MAJALENGKA – Setelah menikmati panen padi yang melimpah, warga Desa Sumber Wetan, Kecamatan Jatitujuh, Majalengka, menggelar tradisi Sedekah Bumi sebagai wujud rasa syukur dan doa agar hasil pertanian tetap subur.
Sejak pagi, warga membawa gunungan berisi hasil bumi seperti padi, sayuran, dan buah-buahan untuk diarak menuju sawah. Acara dilanjutkan doa bersama yang dipimpin tokoh masyarakat.

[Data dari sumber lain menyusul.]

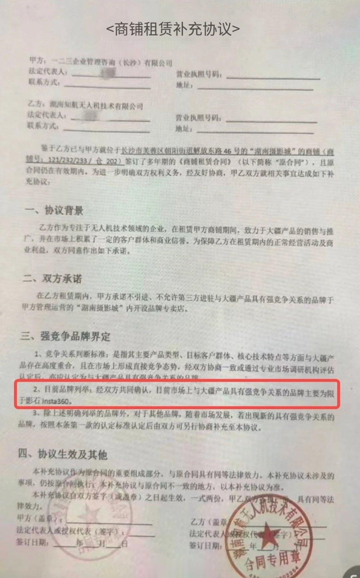 张均强从商场管理方获得的一份《商铺租赁补充协议》显示,商场管理方一二三企业管理咨询(长沙)有限公司承诺,在大疆经销商湖南知航无人机技术有限公司在门店租赁期内,“不引进、不允许第三方进驻与大疆产品具有强竞争关系的品牌于‘湖南摄影城’内开设品牌专卖店”。
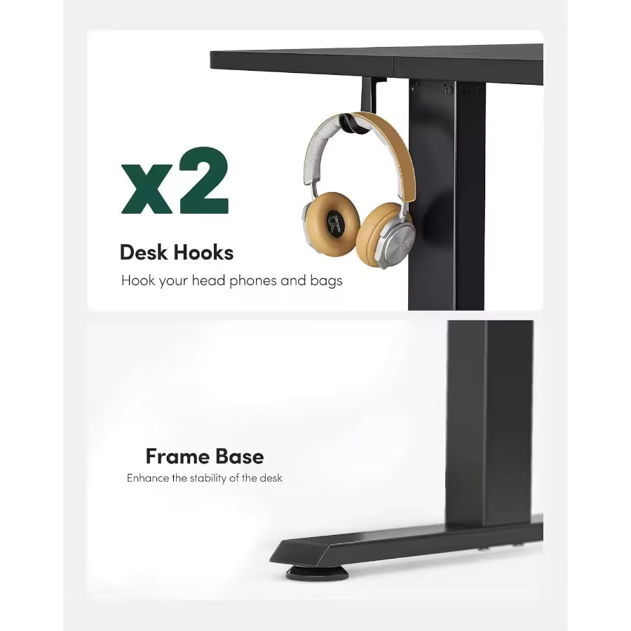Go from sitting to standing in one smooth motion with this complete active workstation providing comfortable viewing angles and customized user heights. Provides ample space for monitors, workspace accessories, supplies, and decor. The one-piece top is free of seam breaks and is made of sturdy particle board, creating a smooth and scratch-resistant surface. Enjoy a height its frame’s powerful motor and strong legs using precise telescopic height adjustment. With all-steel construction, the desk frame supports up to 220 lbs. This ensures maximum stability and sturdiness for a variety of monitor and laptop setups, giving you a solid foundation for all your equipment. The easy-to-use push-button controller features 4 memory presets to save your desired heights. With a simple click of a button, you can say goodbye to long hours of sitting and end the day feeling energized and refreshed. Transform your workspace into a comfortable, modern, and ergonomic environment with the Electric Standing Desk, featuring a spacious 60 x 24-inch surface and smooth height adjustability. Designed for both home and office use, this workstation helps reduce fatigue, improve posture, and boost productivity with effortless sitting-to-standing transitions.

Kepala Desa Usi Sanusi menuturkan bahwa Sedekah Bumi menjadi bagian penting dalam menjaga harmoni antara manusia, alam, dan Sang Pencipta.
“Kami berharap melalui tradisi ini, pertanian warga semakin makmur dan dijauhkan dari hama,” ujarnya.
Dari Ritual ke Momentum Gotong Royong
Selain sebagai kegiatan keagamaan dan adat, Sedekah Bumi juga memperkuat solidaritas antarwarga. Setelah doa, hasil gunungan dibagikan secara sukarela untuk dimasak dan dinikmati bersama.
Menariknya, warga juga menampilkan ikon burung hantu dari sayuran sebagai simbol penjaga sawah. Hewan nokturnal ini dikenal efektif mengurangi populasi tikus yang kerap merusak padi.
Dengan perbaikan saluran irigasi dari Bendungan Rentang yang telah rampung, para petani kini optimistis menghadapi musim tanam berikutnya dengan semangat baru.